I do remember when using those calculators years ago that our mortgage in principle was a little less though so I’m bearing that in mind.

So AINBU to go for a more expensive house and maybe take on the highest mortgage offered?

Or AIBU and it will stretch us too far and be a horrible stress?

OP posts:
Superscientist · 14/03/2025 09:14

Arbitrarily pick two properties on Rightmove one with your current budget and one with the extended budget and run all of the numbers and see if it still makes sense. It won't be just the mortgage that's more it will be the stamp duty, conveyancing, council tax, energy bills and so on will also be more.

The other thing I would say it's ok to have a broad budget range when looking. When we were looking for our last house we were looking in the £450-650k range and honestly found houses across the full range that we were interested in and put offers in at the top and bottom of our budget. There were some houses where I would have stretched the budget and others that we walked away and said nice house but not worth that money to us. In the end the house we found that was right for us was towards the bottom on the range. It fulfills all of our needs and we are very happy here.

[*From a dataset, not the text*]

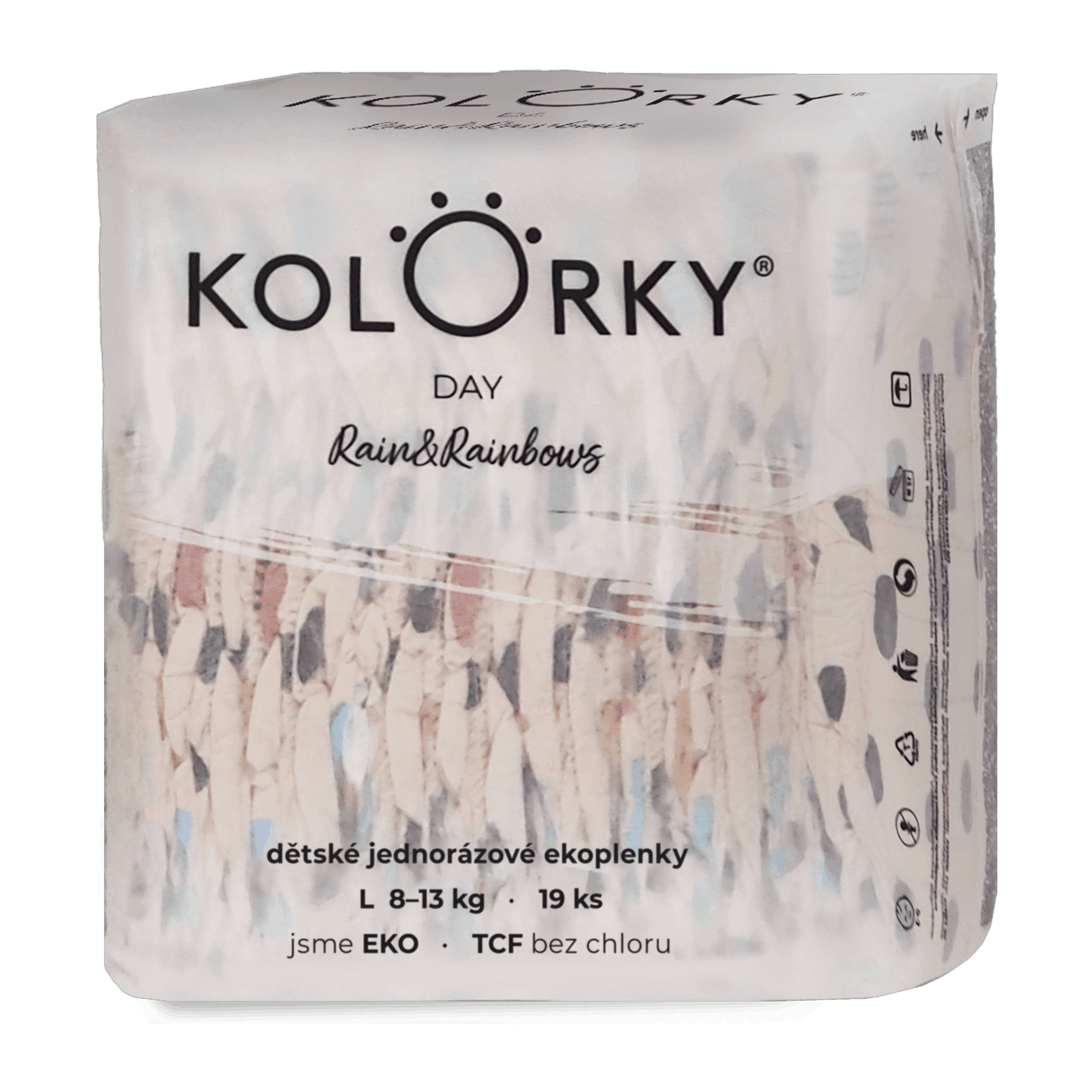 Česká značka Kolorky přináší stylové ekoplenky, které myslí na přírodu i vaše dítě. Originální design dodává každému přebalování nádech radosti a hravosti. Plenky Kolorky Day jsou navrženy tak, aby dokonale seděly, nikde netlačily a udržely pokožku miminka v suchu a pohodlí po celý den.

howshouldibehave · 14/03/2025 09:22

It's difficult for anyone on here to say without numbers. Can you do stress tests and work out if you can afford the monthly repayment if the interest rates go up a lot?

rwalker · 14/03/2025 09:24

Absolutely not
speaking as someone who saw there mortgage payments literally double in the early 90’s

IsItTimeToRetireYet · 14/03/2025 09:37

The question I’d be asking myself is could that mortgage feel like a bind in years to come? If one of you wanted to retrain, take a career break, or reduce hours would the size of the mortgage prevent that and are you OK for that to be the case?

Didimum · 14/03/2025 10:01

We've always gone to the top end of affordability, but we both earn very well. It really depends on your circumstances.

MellowPinkDeer · 14/03/2025 10:06

It really depends. Can you afford for the mortgage to increase overnight? Ours went up £1000 per month when we had to remortgage and the rate had gone from 1.08% to over 4%. Can't say we saw that coming really ( when we moved to the house years before )

Essentially we spent as much as we needed to, to get the house we needed in the area we wanted to live, i wouldn't rush in to just borrowing as much as possible if you don't need to.

Vettrianofan · 14/03/2025 10:06

We're mortgage free and have been for years. Only possible due to getting a mortgage based on one income. If we'd stretched ourselves it would have meant more stress all round. In our 40s and 50s.